HME 712 Week 1 Fact sheet bos_3

The general principles of hypothesis testing


A hypothesis is a proposed relationship or theory. For example we might suggest that, at the population level,
the blood level of cholesterol is higher, among those who have previously experienced a heart attack, than
among those (same sex, similar age) who have never experienced a heart attack.

We would then wish to test if this hypothesis is true or not. We would perform a study, using study
participants, two samples of people, in which we compare cholesterol levels among those who have
experienced a heart attack; and those who have never experienced a heart attack. We measure cholesterol
levels. We would then subject the results to statistical analysis using an appropriate hypothesis test.

First we propose our hypothesis, known as the “alternative hypothesis”. Then we derive the null hypothesis
that proposes there is no relationship between heart attack and blood cholesterol level.

The problem is that any observed difference in the two sample means might have arisen purely by chance.
“Sampling error” may give rise to differences between sample means, even if the population means are
identical. Each sample has its own unique mean depending only on the members of the sample, and
membership depends on chance if we work with random samples.

In order to address this concern, we then calculate the probability of having obtained the observed differences
in the group means, or an even greater difference, if the null hypothesis (no difference) is true. If this
probability is very low (say, less than 5% or <0.05), then we would reject the null hypothesis and argue that the
alternative hypothesis would seem to be true after all.

If the probability that we calculated was high, then we would fail to reject the null hypothesis. This does not
mean the null hypothesis is true, only that we failed to show that it is false.

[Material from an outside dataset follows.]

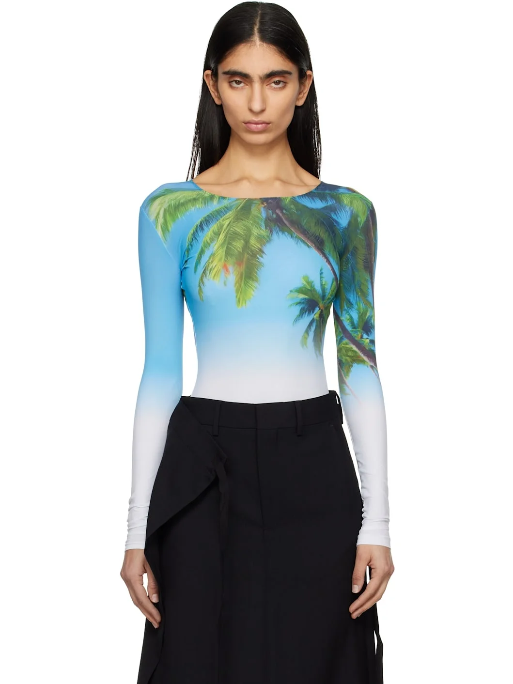 Stretch nylon jersey bodysuit. Graphic pattern printed throughout. · Crewneck · Logo flag at side seam · Press-stud fastening at bottom · White stitching at back collar Supplier color: Blue/White/Green 73% polyamide, 27% elastane. Made in Italy 251188F358002

It may seem puzzling that we choose to test, and then either reject or fail to reject, the null hypothesis. Why
not just test the alternative hypothesis directly; and then see, from statistical testing and calculation of its
probability, if it has a high probability of being true? In the slide show that follows we will explain why we take
the indirect route (testing the null hypothesis rather than testing the alternative hypothesis directly).

The following concepts should be understood before going on. The explanations are given for a null hypothesis
about the difference between two means. However, the principles and arguments are the same if one is
performing other kinds of hypothesis tests.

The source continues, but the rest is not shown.